Start of The data

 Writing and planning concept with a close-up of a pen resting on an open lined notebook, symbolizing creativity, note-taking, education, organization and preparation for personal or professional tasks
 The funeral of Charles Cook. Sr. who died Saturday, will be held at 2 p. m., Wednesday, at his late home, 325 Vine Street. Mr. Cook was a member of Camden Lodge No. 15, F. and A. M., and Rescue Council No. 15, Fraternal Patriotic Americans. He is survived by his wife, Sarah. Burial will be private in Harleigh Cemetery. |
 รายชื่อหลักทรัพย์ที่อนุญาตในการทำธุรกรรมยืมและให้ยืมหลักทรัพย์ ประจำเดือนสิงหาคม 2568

End of The data
Start of The data

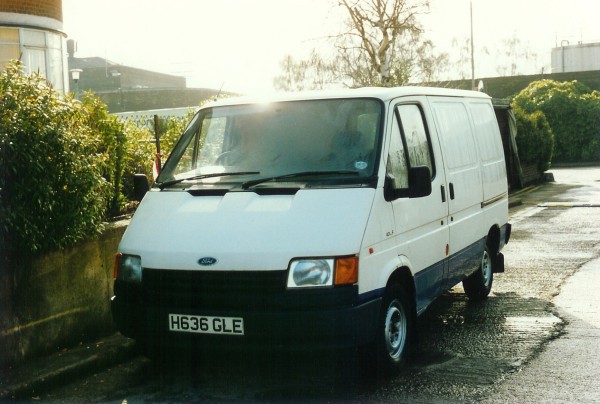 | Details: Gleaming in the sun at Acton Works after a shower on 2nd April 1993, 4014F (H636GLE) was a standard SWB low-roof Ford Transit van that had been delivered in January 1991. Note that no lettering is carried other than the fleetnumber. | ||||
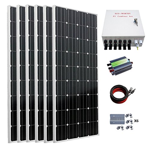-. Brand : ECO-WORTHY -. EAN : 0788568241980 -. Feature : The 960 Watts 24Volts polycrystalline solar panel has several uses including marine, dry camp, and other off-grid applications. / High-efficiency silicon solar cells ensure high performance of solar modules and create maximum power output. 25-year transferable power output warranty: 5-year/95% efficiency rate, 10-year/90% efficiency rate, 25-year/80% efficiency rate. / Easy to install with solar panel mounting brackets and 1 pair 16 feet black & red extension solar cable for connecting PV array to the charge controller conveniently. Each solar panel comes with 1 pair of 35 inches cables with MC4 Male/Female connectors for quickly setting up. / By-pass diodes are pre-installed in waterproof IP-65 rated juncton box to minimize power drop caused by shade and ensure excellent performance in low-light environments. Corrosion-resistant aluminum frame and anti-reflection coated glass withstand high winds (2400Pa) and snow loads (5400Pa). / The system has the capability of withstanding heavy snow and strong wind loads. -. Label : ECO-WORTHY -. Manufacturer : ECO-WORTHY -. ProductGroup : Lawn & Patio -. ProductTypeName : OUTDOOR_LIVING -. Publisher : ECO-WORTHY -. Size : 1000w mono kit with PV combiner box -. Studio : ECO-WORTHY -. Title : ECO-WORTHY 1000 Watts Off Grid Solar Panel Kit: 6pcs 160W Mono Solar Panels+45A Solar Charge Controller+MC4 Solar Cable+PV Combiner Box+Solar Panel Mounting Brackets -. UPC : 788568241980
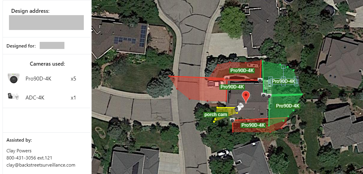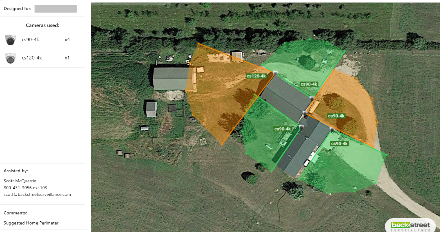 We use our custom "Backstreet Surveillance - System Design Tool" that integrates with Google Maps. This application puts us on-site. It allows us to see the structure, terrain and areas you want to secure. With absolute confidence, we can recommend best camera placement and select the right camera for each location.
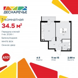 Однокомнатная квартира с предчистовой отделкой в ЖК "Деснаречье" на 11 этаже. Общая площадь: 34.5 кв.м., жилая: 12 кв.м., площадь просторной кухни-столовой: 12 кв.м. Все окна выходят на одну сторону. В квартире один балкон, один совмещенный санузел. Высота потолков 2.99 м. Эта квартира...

End of The data

**Exercise brief**
Having found the line with "We use our custom" and the line with "Однокомнатная квартира с" in the material above, write out exactly those two and every line between, leaving the pictures out.

**Written solution**
 We use our custom "Backstreet Surveillance - System Design Tool" that integrates with Google Maps. This application puts us on-site. It allows us to see the structure, terrain and areas you want to secure. With absolute confidence, we can recommend best camera placement and select the right camera for each location.
 Однокомнатная квартира с предчистовой отделкой в ЖК "Деснаречье" на 11 этаже. Общая площадь: 34.5 кв.м., жилая: 12 кв.м., площадь просторной кухни-столовой: 12 кв.м. Все окна выходят на одну сторону. В квартире один балкон, один совмещенный санузел. Высота потолков 2.99 м. Эта квартира...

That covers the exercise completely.